1
Стремительный топот коней сквозь высокие камыши; тяжелое падение, отчаянный крик. Из умирающего коня, пошатываясь, поднялась всадница – стройная девушка в сандалиях и подпоясанной тунике. Её тёмные волосы рассыпались по белым плечам, глаза были глазами пойманного зверя. Она не смотрела ни на камышовые заросли, окаймлявшие небольшую поляну, ни на синие воды, омывающие низкий берег позади неё. Её широко раскрытые глаза с мучительной напряжённостью были прикованы к всаднику, который прорвался сквозь тростниковую завесу и спешился перед ней.
Он был высоким, стройным, но твёрдым, как сталь. С головы до пят он был облачён в лёгкую посеребрённую сетчатую кольчугу, облегавшую его гибкую фигуру, как перчатка. Из-под куполообразного шлема с золотой чеканкой его карие глаза насмешливо смотрели на неё.
«Отойдите!» – пронзительно крикнул она от ужаса. «Не трогайте меня, Шах Амурат, или я брошусь в воду и утону!»
Он рассмеялся, и его смех был подобен мурлыканью меча, выскальзывающего из шелковых ножен.
«Нет, ты не утонешь, Оливия, дочь смятения, ведь берег слишком мелкий, и я могу поймать тебя прежде, чем ты достигнешь глубины. Ты устроила мне отличную погоню, клянусь богами, и все мои люди далеко позади. Но к западу от Вилайета нет ни одного коня, который мог бы надолго отогнать Ирема». Он кивнул на высокого, тонконогого пустынного жеребца позади себя.
«Отпустите меня!» – умоляла девушка, и слёзы отчаяния заливали её лицо. «Разве я недостаточно страдала? Есть ли хоть одно унижение, боль или унижение, которым вы меня не подвергли? Сколько ещё должны длиться мои мучения?»

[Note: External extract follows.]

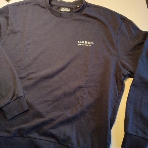 Sweater, Gabba, str. M, Marineblå, navyblå, mørkeblå, Uld/bomuld, God men brugt, 20% uld, 80% bomuld. Flotte strik detaljer og

«Пока я нахожу удовольствие в твоих нытьях, мольбах, слезах и извивах», – ответил он с улыбкой, которая показалась бы нежной постороннему человеку. «Ты странно мужественен, Оливия. Интересно, наскучу ли я тебе когда-нибудь, как всегда наскучили женщины. Ты всегда свежа и непорочна, несмотря на меня. Каждый новый день с тобой приносит новое наслаждение».
«Но ладно – вернемся к Акифу, где народ все еще чествует победителя жалкого козаки ; в то время как он, победитель, занят поимкой жалкого беглеца, глупого, прекрасного, идиотского беглеца!»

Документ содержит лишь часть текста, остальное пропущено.